What this task involves: Only one span of the listing below is wanted: the lines from the one with "CAmReport AI is" through the one with "メインの信号線にガラス製光フ", reproduced exactly, both ends kept.

Data for this exercise:

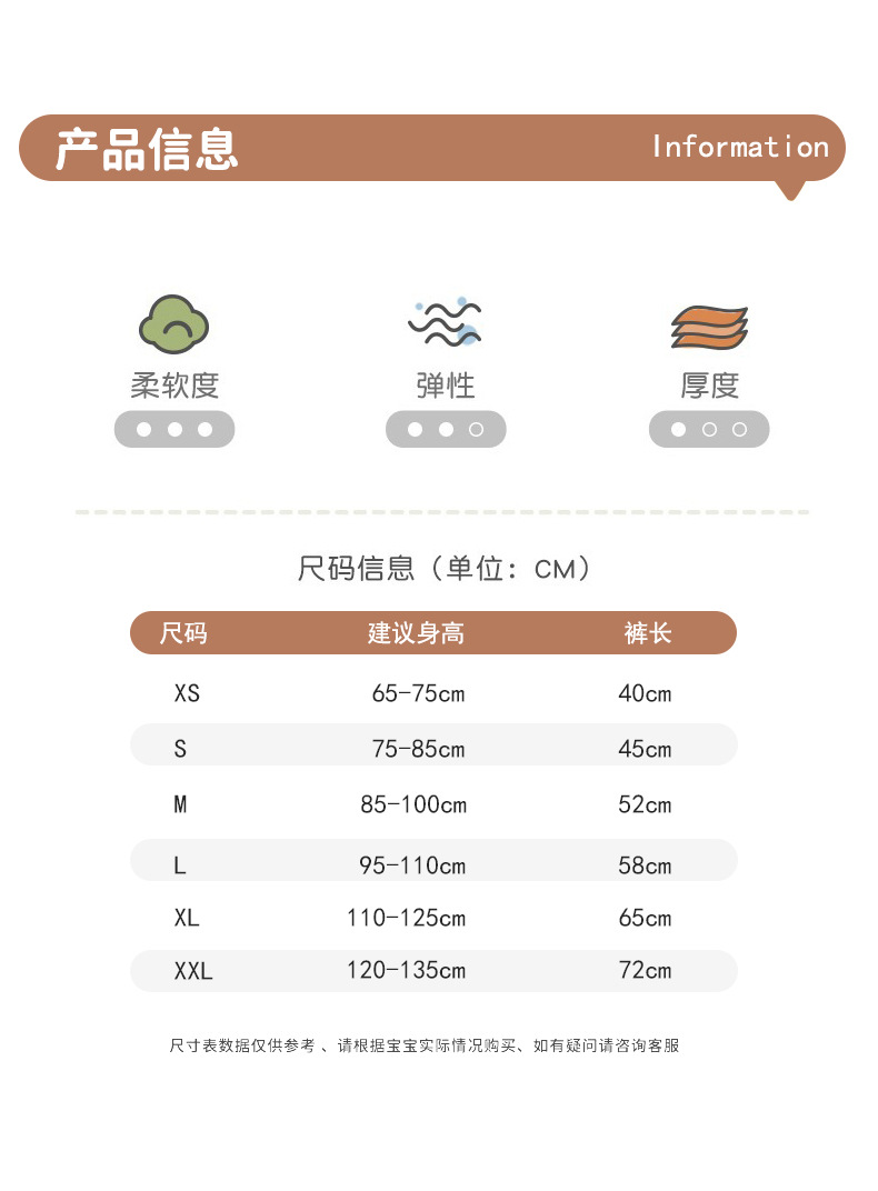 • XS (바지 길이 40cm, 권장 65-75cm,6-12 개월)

--

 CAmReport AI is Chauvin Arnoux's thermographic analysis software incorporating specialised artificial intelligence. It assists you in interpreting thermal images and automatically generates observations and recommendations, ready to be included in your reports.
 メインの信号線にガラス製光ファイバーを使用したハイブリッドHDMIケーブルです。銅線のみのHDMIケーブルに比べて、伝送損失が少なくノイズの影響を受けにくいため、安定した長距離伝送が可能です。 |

==

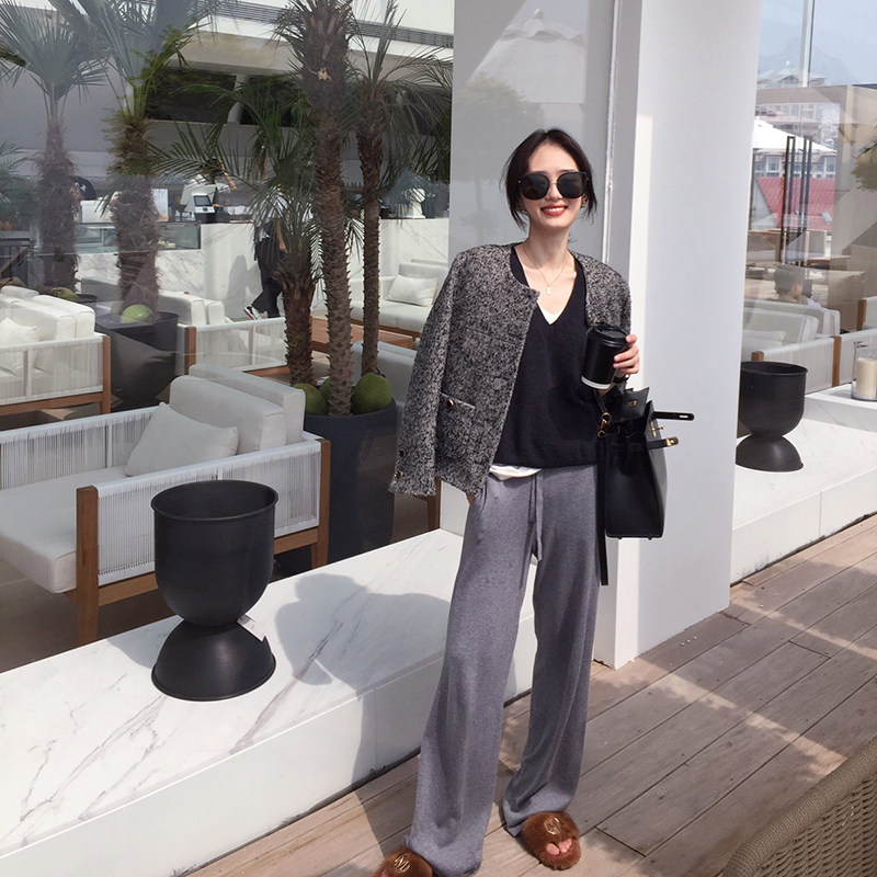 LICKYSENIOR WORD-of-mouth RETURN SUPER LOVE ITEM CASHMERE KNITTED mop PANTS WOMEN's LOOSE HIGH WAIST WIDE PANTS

Written reply:
 CAmReport AI is Chauvin Arnoux's thermographic analysis software incorporating specialised artificial intelligence. It assists you in interpreting thermal images and automatically generates observations and recommendations, ready to be included in your reports.
 メインの信号線にガラス製光ファイバーを使用したハイブリッドHDMIケーブルです。銅線のみのHDMIケーブルに比べて、伝送損失が少なくノイズの影響を受けにくいため、安定した長距離伝送が可能です。 |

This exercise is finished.